The ideal “magic number” of times a woman should engage in sexual activity with herself or a partner each week just doesn’t exist, according to the Mayo Clinic. But when an adult woman feels little to no sexual desire, she might have lost her sex drive due to a psychological or physical medical condition. Most women can safely engage in sexual activity even while pregnant, but if they’ve lost interest in this natural behavior, it might be time to consider exactly what has caused a reduced sex drive.
About 40 percent of women suffer from a low sex drive during some point in their lives, according to the Mayo Clinic. But around 5 to 15 percent of women suffer from recurring problems with a lowered libido.
A lack of desire for sex clinically defines a low sex drive, according to the Mayo Clinic. But some women naturally desire sex more than others, so determining if your lack of interest in sex is natural or part of an underlying psychological or physical condition can be hard to determine. If you suddenly lose interest in sex, you might have a low sex drive and consider seeking medical attention if the problem bothers you or your partner.
Medications can hamper a previously healthy libido, especially antidepressants and blood pressure remedies, according to MSN Health. Major life changes such as moving or surgery can also at least temporarily cause a low sex drive. Natural aspects of life as a woman, such as pregnancy and menopause, can also cause decreased sexual interest. Potentially serious illnesses, such as arthritis or diabetes, can also sap that sexual energy.

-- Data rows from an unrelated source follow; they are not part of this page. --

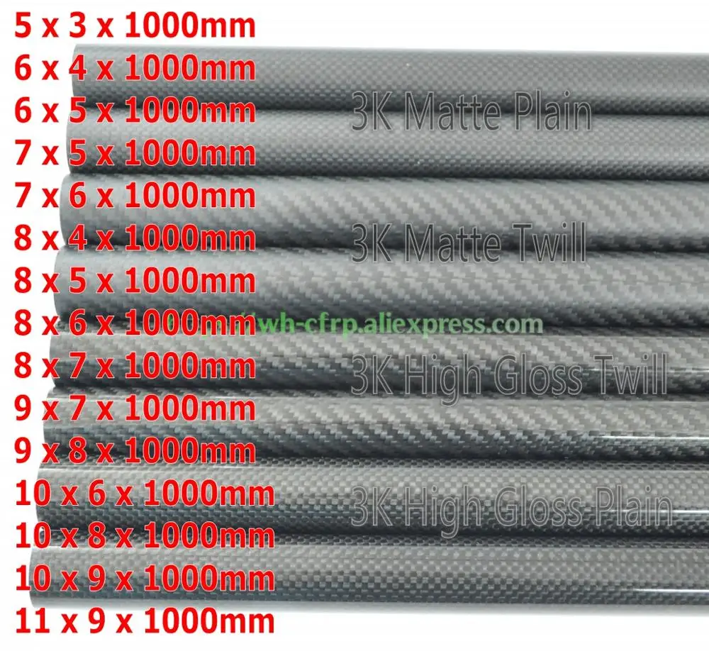 3k трубка из углеродного волокна OD 5 мм 6 мм 7 мм 8 мм 9 мм 10 мм 11 мм X 1000 мм, с 100% полностью углеродным материалом, Япония 3k улучшенная модель DIY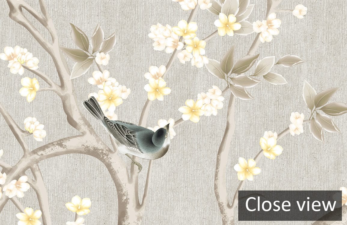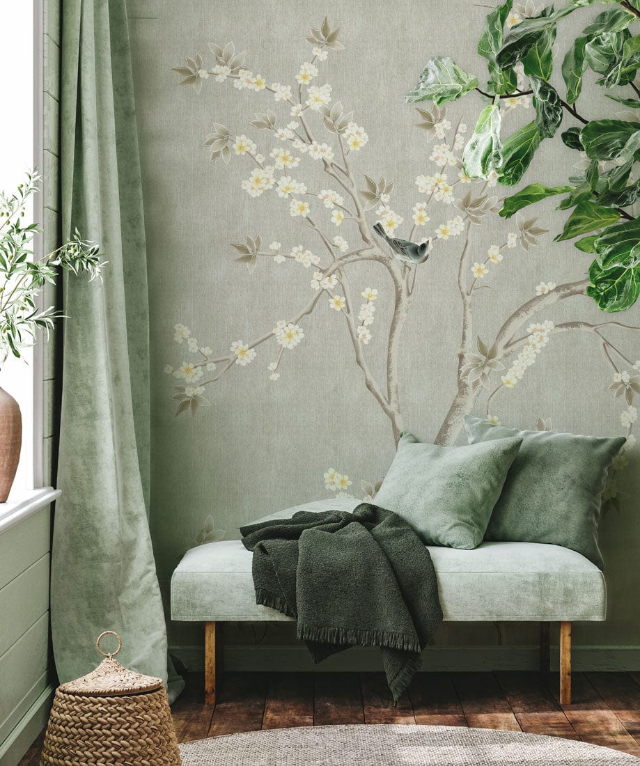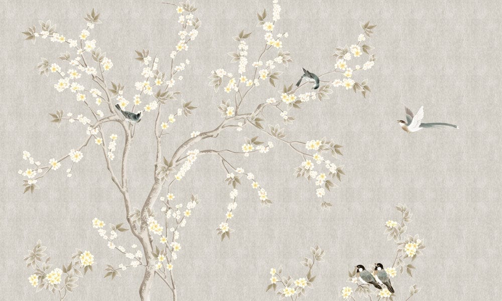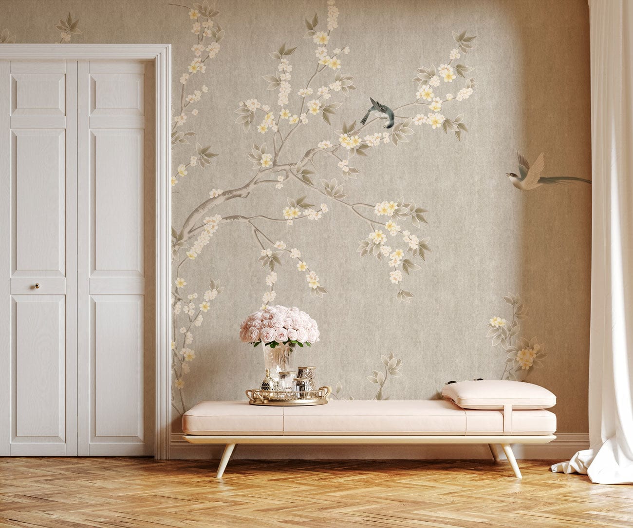 The Branch Aroma Wallpaper Mural presents a serene fusion of nature and artistry, featuring delicate blossoms and graceful birds rendered on a muted background. Its intricate detailing and subtle hues evoke a sense of tranquillity, perfect for adding a touch of elegance to any interior. Ideal for creating a peaceful and sophisticated ambience, this mural effortlessly complements a variety of décors.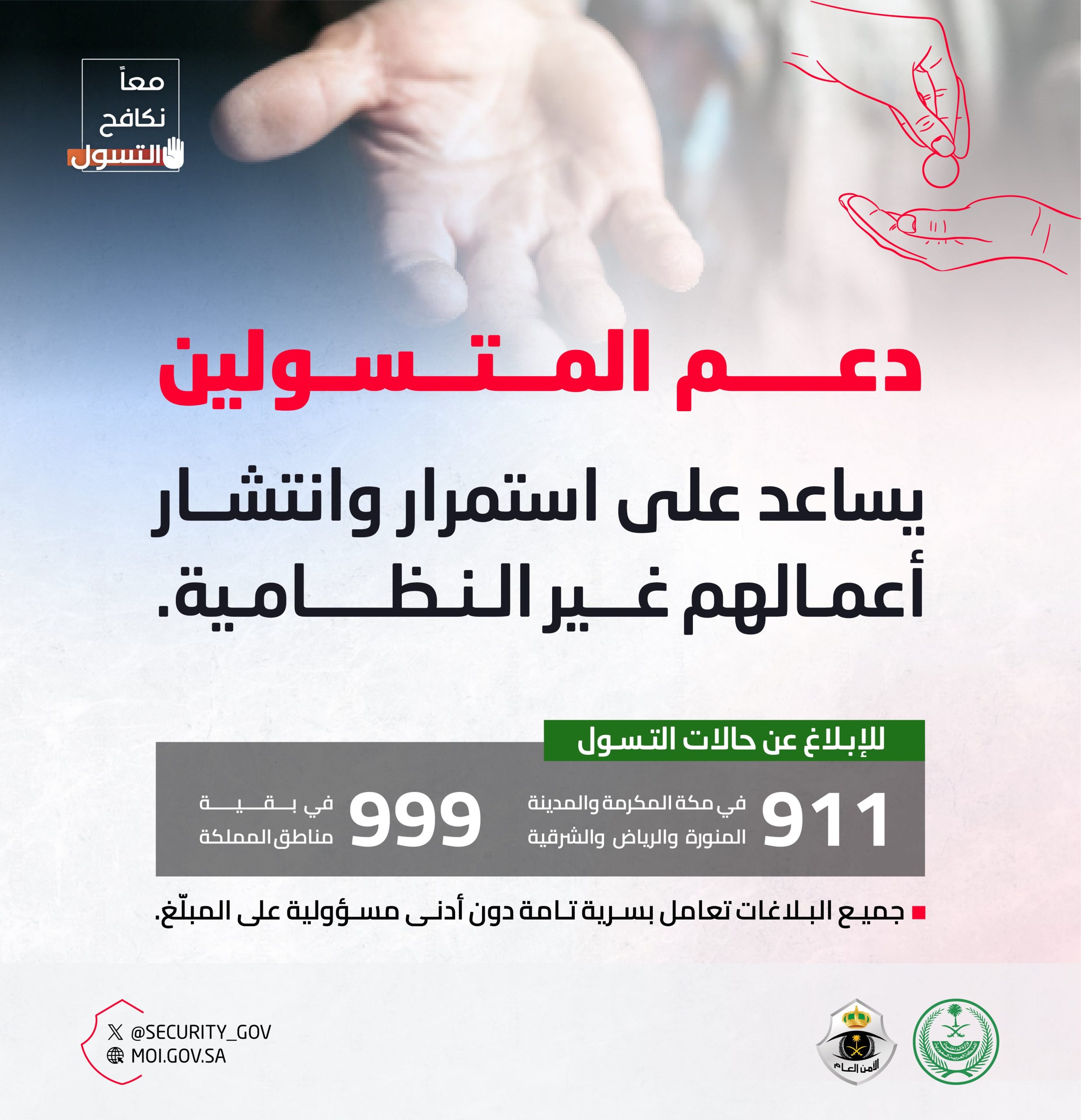 ودعت الجهات الأمنية المواطنين والمقيمين إلى التعاون والإبلاغ عن حالات التسول من خلال الرقم (911) في مناطق مكة المكرمة، والمدينة المنورة، والرياض، والمنطقة الشرقية أو عبر الرقم (999) في بقية مناطق المملكة.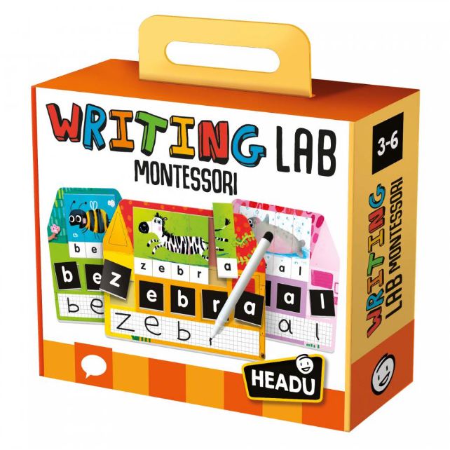Children put the word puzzles together in the little houses, write words using the moveable letters then practice writing them themselves with the pen provided. The game is inspired by the Montessori three-period method. Great way for kids to learn how to read and write in three ways. Develop manual dexterity using the marker and movable letters.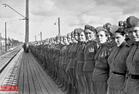 ?图为1943年,准备开赴前线的苏军女狙击手部队。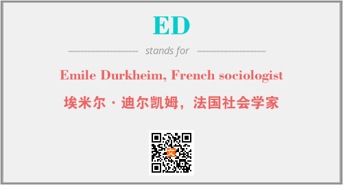 上述内容是“Emile Durkheim, French sociologist”作为“ED”的缩写,解释为“埃米尔·迪尔凯姆,法国社会学家”时的信息,以及英文缩略词ED所代表的英文单词,其对应的中文拼音、详细解释以及在英文中的流行度和相关分类、应用领域及应用示例等。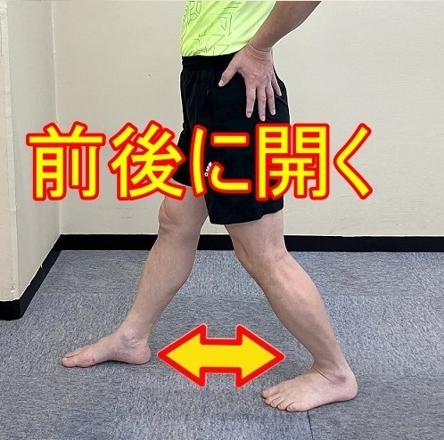 ・脚を前後に開く(つま先の向きはなるべく真っすぐ)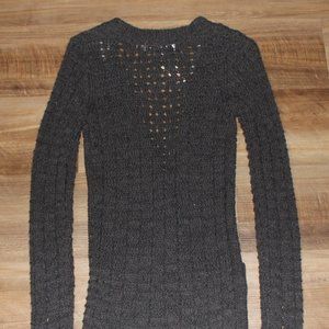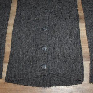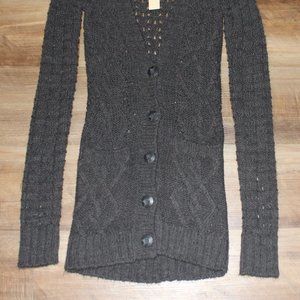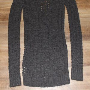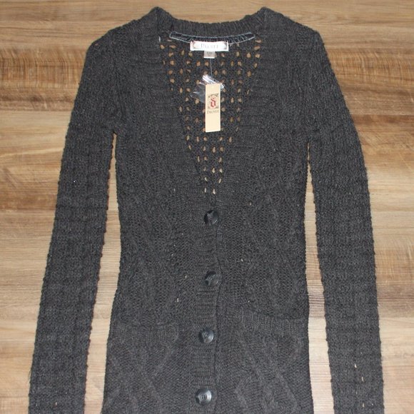 NEW with TAGS size SMALL sweater! Pretty dark gray mixed knit tunic length cardigan sweater with low v-neckline and square pockets at front. Chunky cable and chain knit, semi-sheer, will probably want to layer another top underneath for full coverage. This one is SUPER SOFT & MEDIUM WEIGHT with STRETCH! Made of 95%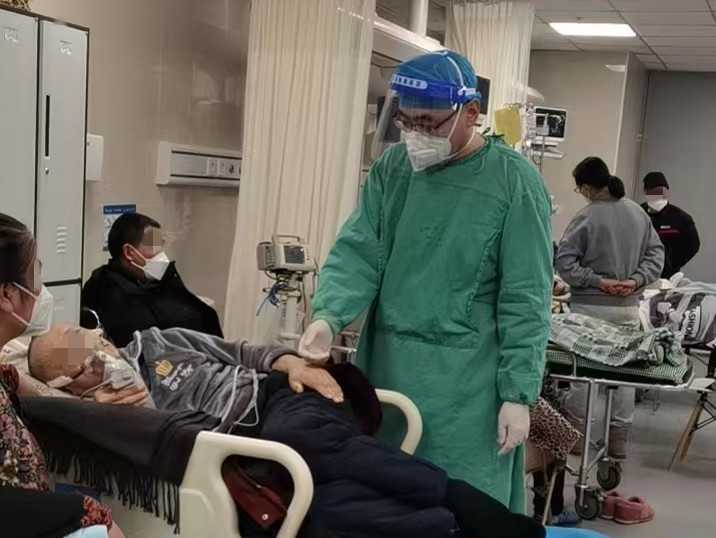 肖加斌同志,是抢救室的主治医师,自12月份以来,重症患者陆续涌入急诊抢救室,原本只有10张床位,加床到了25张,每天的高负荷运转让他疲惫不堪。17日他出现高热,继而出现头疼,全身疼痛,为了不影响工作,病情还未稳定又带病上班,一边是持续咳嗽发热,一边还要给患者进行治疗。他是急诊科的一名骨干党员,时刻牢记着共产党员的初心与使命。12月27日下午,120送来了一位猝死的患者,即将下班的他义无反顾的又加入了抢救工作,这样的情况每天都在发生。作为一名医务工作者,他始终坚守着救死扶伤的使命,不能按时下班是常有的事,只能把孩子一个人放在家里,只能每天怀着歉意回家,希望孩子能理解他的爸爸。

Some cases of decreased sex drive are preventable, according to MSN Health. Avoiding excessive use of alcohol and drugs is important for all aspects of feminine health, including the libido. Also, tired women are more likely to suffer from sexual aversion; getting plenty of rest can help restore those natural desires. Antidepressants like Wellbutrin and Remeron don’t cause sexual dysfunction and can help boost libido while treating psychological conditions such as depression and anxiety, according to the Mayo Clinic.
Potential At-Home Treatments
Kegel exercises can help restore lost sexual interest, according to the Mayo Clinic. A woman tightens her pelvic floor muscles as if she were stopping urine mid-stream and then releases those muscles. This exercise, repeated several times throughout the day, can help promote sexual health and vigor. Exercising regularly, reducing stress through techniques like meditation and even smiling more can greatly help restore a seemingly lost sex drive.